This case overturned a law in Texas that criminalized abortion and reverberated through the states. According to the Roe decision, laws against abortion violated a woman's right to privacy under due process (in the Fourteenth Amendment). This decision superceded state laws restricting abortion.

Roe v. Wade is one of the most controversial cases in U.S. Supreme Court history. Even before it was decided there were men and women whose stomachs turned at the idea of abortion. The issue had been argued many times before in fairly recent history. In 18th century England, mothers accused of murder were not put to death if they could prove they were "with child." In infamous London prisons of the day there were "child-getters"--fertile men who could reliably make a woman pregnant. Some female criminals availed themselves of their services repeatedly so as not to be hanged.

In the early Soviet Union, abortion was freely available.

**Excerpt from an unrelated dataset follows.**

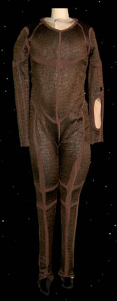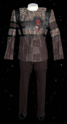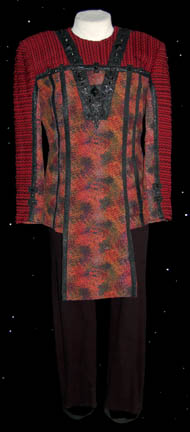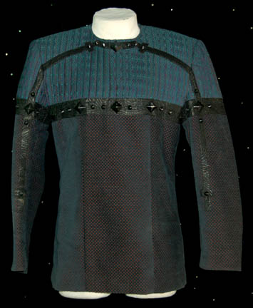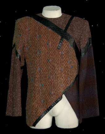A multi-fabric costume top made from knitted components and wool with leather accents with a trim on bottom with an unusual V-cut. Featured in the Star Trek: Voyager episode “Warlord”. |

It was later abolished because too many women were using it in place of birth control--which was hard for most women to get up until the sixties and seventies. Rich women had it, but often not the working classes. Remember Mary McCarthy's The Group? Vassar girls had diaphragms in the thirties--but not blue collar women who relied on condoms and men who would wear them or withdraw before ejaculation. As a seventeen-year-old freshman at Barnard, I got my first diaphragm from Planned Parenthood (a college tradition). I never got pregnant accidentally because I knew that an abortion would make me terribly sad. I loved children, dogs, cats and other living things, and I understood that terminating a pregnancy would be extremely hard for me emotionally. (But then I had sophisticated New York gynecologists all my life and grew up in liberal, enlightened Manhattan with parents who were bohemians of the thirties before they surprised themselves by getting rich).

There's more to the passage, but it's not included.